Guitar Center has announced it has completed “a series of transactions to address its April 2020 debt payments.”
The announcement follows the news that the musical instrument retail giant had skipped payment on two of its bonds, according to an anonymous source. The same source also revealed its debt totalled $1.2 billion as of February. A recent statement from Guitar Center paints a more optimistic picture, however: “These transactions provide near-term liquidity to help navigate challenges encountered during the COVID-19 pandemic and were made possible through the support of each of Guitar Center’s lender groups.”

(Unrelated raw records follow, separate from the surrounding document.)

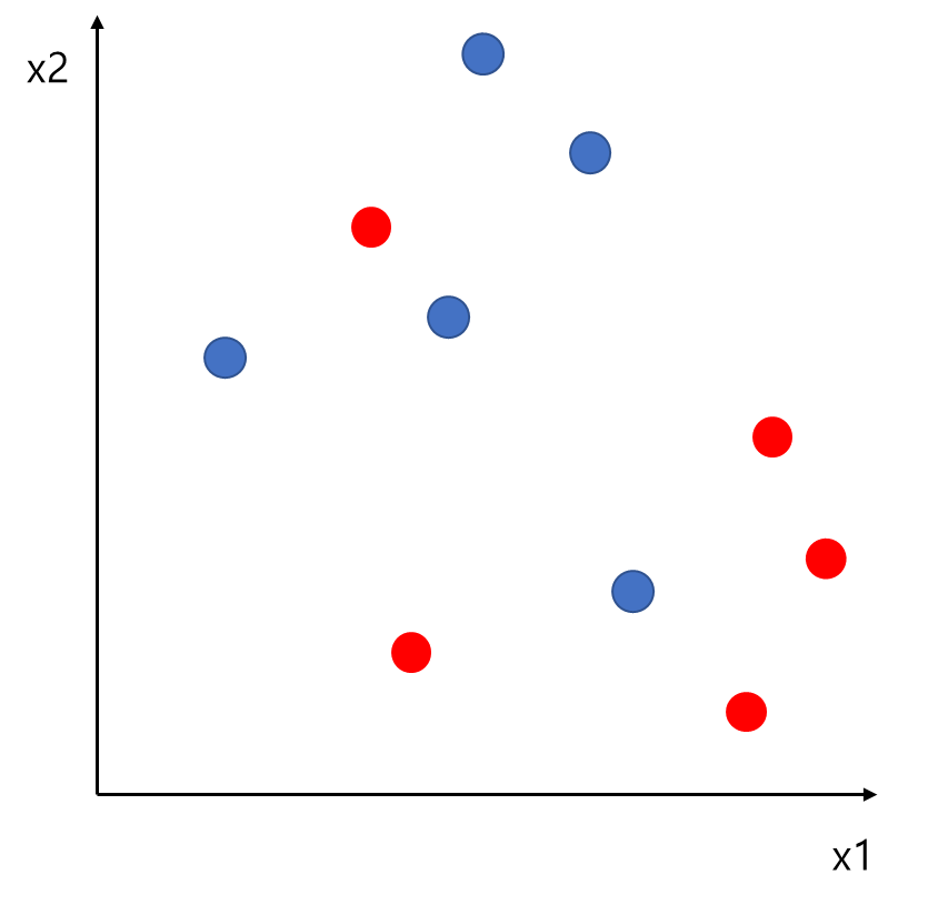 앞에서 Hard-Margin Linear SVM을 살펴보았다. 이는 클래스들이 선형 함수로 완벽하게 분리되어있는 Linear Separable 한 경우에만 쓸 수 있다. 하지만 현실세계에서 Linear Separable한 경우는 거의 없다. 즉, 선형 함수에 의해 완벽하게 분리되는 경우가 없다는 것이다. 아래 그림처럼 말이다.
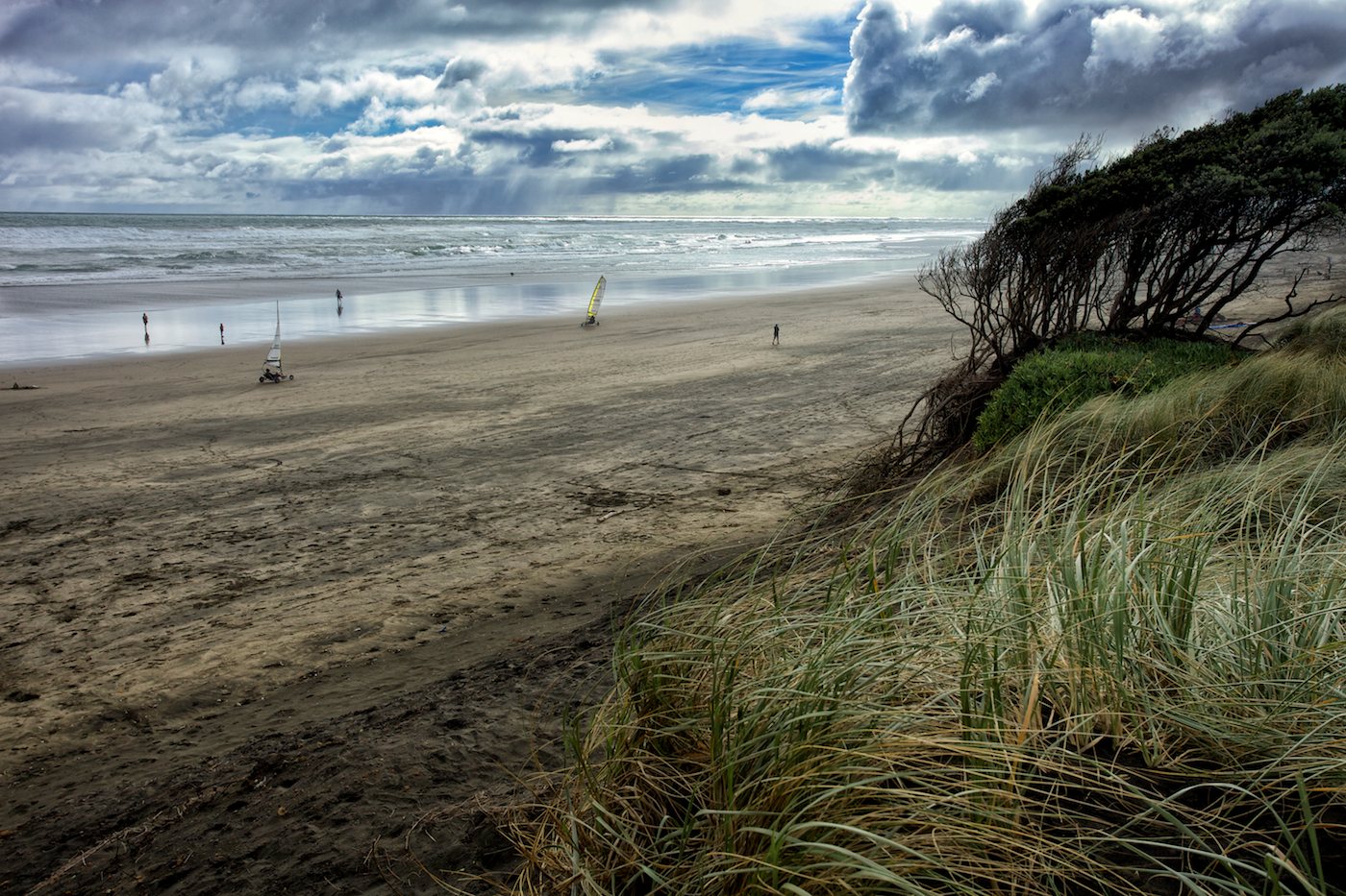 Rain, gusts, gales, squalls: we’ve had the lot these last few weeks. In the South Island they’ve had to deal with the snow. Here in Auckland it’s been cold, too, but with monotonous wind and rain instead. Try hanging out the washing in these conditions and see how far it gets you. There’s not a lot to like about Auckland’s wet, windy winters. At least snow looks nice. But, in between the downpours, it’s worth getting out to places like Muriwai, home to the famous gannet colony and an enormously long beach upon which all sorts of foolhardy souls can be found doing their thing. On this day it was the sand, or is it kite, surfers? Either way it looks like great fun and those guys really move when the wind gets up. I could barely keep my balance for this photo and several times was nearly blown off the dunes.
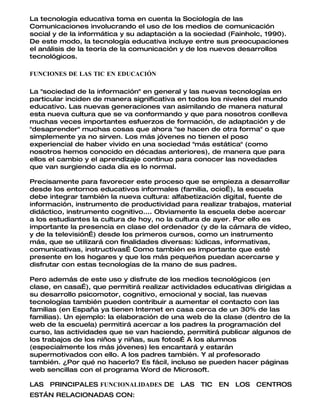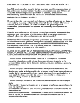 Este documento describe las tecnologías de la información y la comunicación (TIC), incluyendo sus orígenes en la informática y las telecomunicaciones. Explica que las TIC permiten acceder, producir, procesar y comunicar información en diferentes formatos como texto, imágenes y sonido. También describe algunas aplicaciones comunes de las TIC como el correo electrónico, las listas de distribución y los grupos de noticias.

CFO of Guitar Center, Tim Martin, said of the news: “We are pleased with the outcome of these transactions and the support and cooperation that we received from our lenders who recognize the value of our businesses. These transactions bolster our immediate liquidity position and allow us to focus on operating our business through these difficult times. We believe that with these transactions and the staged reopening of the country along with our pre-pandemic positive business performance, we are well positioned to meet these challenging market conditions.”
Guitar Center has been hit hard by the coronavirus pandemic, leading it to furlough a large number of staff last month. In a letter about this furloughing, Guitar Center’s CEO Ron Japinga wrote that “Further difficult decisions will need to be made in the months ahead to maintain the viability of our businesses as well as support our dedicated associates during this challenging period.”